In our study, the incidences of hypotension (15.6% vs. 39%) and pain on injection (3.3% vs. 19.5%) were significantly lower in the remimazolam group than in the propofol group. This result is consistent with Shi et al.32 and Xiao et al.33, showing that the use of remimazolam may significantly increase circulatory stability and avoid suboptimal patient experience during anesthesia by reducing the incidence of pain on intravenous injection.
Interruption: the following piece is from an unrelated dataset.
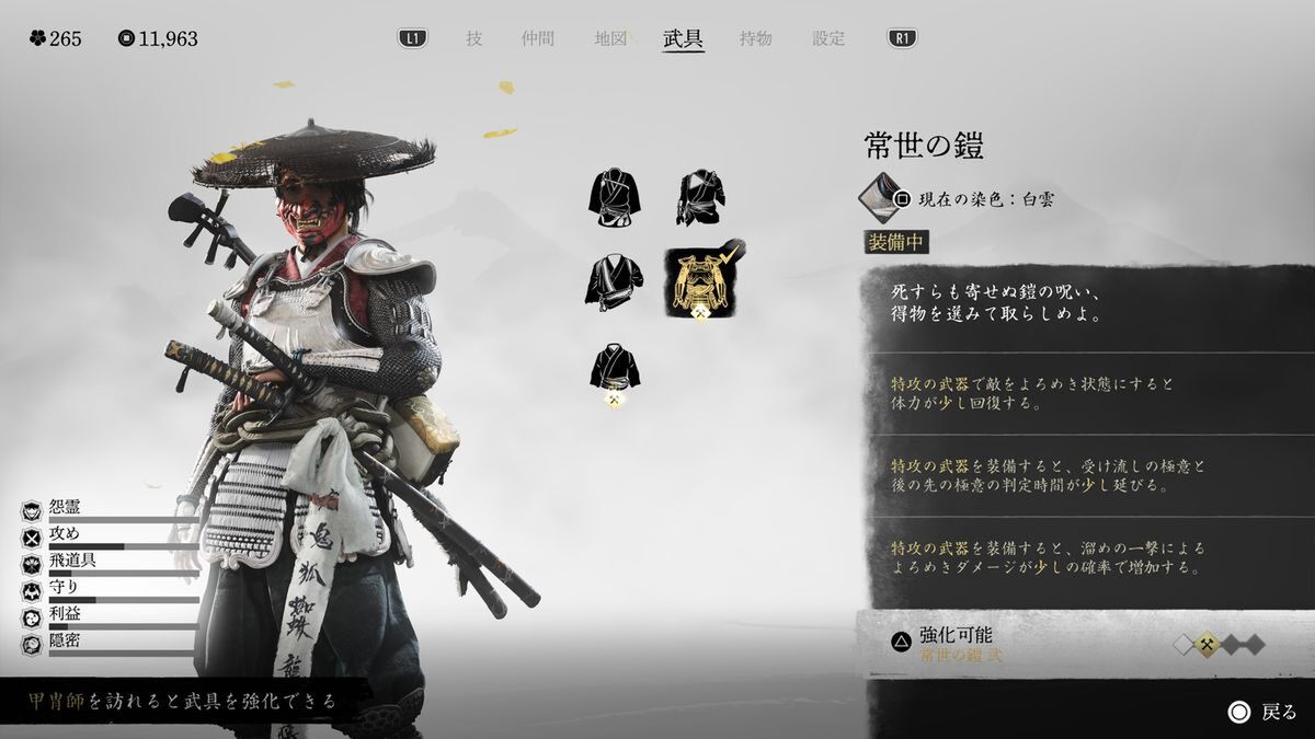 そのほか、寄り道をすれば新たな「鎧」が手に入ることも。頭装備や面は見た目が変わるだけだが、鎧は特殊効果があるので、しっかり強化して選びたい。鎧によって敵を「腰抜け」の状態異常にしやすくするものや、「弓矢」が強化されるもの、「闇討ち」がしやすくなるものなどがあった。

No adverse events such as nausea and vomiting, hypoxemia, intraoperative awareness, and postoperative delirium occurred in either group. However, some studies have found that as the single intravenous dose of remimazolam increases, the incidence of drug-related adverse events, including hypotension and respiratory depression, also increases26. Thus, in clinical practices, we need to be alerted that excessive doses of remimazolam may lead to significant suppression of respiratory and circulatory systems, and vital sign monitoring should be strengthened in this setting.

We found that the recovery time in the remimazolam group was (10.7 ± 3.8) min and that in the propofol group was (9.2 ± 3.3) min. The average recovery time of the remimazolam group was 90 s longer than the other group, but this difference was of no clinical significance. Our results are consistent with those reported by Doi et al.33, Liu et al.34, and Zhang et al.30. Pharmacokinetically, remimazolam is hydrolyzed by non-specific cholinesterase in plasma and is not metabolized in liver or kidney. Therefore, it is superior to propofol when used in patients with liver and kidney dysfunction. As a benzodiazepine sedative, the sedative effects of remimazolam can be quickly and completely reversed by flumazenil, with short and completely controllable recovery times7,35. Thus, the combination of the two agents may be an effective regimen to precisely control the level of anesthesia.

There are four limitations of this study. (1) The sample size of the first step is small, and a larger-scale study is needed to confirm the effective doses of remimazolam and propofol. (2) This study did not include elderly patients with ASA grade III or above. (3) This study did not use flumazenil to antagonize remimazolam, not reflecting the pharmacological advantage of remimazolam’s controllable sedation. (4) The results of the study have some limitations due to racial differences and exclusion criteria.

Conclusion

In summary, the ED95 of 0.1 µg/kg sufentanil combined with remimazolam or propofol in inhibiting responses during gastroscopy among the elderly were 0.163 mg/kg (95% CI 0.160–0.170 mg/kg) and 1.042 mg/kg (95% CI 1.007–1.112 mg/kg), respectively. Moreover, when 0.170 mg/kg remimazolam and 1.112 mg/kg propofol were administered, there was no significant difference in the anesthetic effective rate between the two groups in inhibiting body movement response during gastroscopy in elderly patients. However, remimazolam enabled stabler circulatory function and fewer adverse events. Therefore, it is more beneficial than propofol when applied in gastroscopy among the elderly.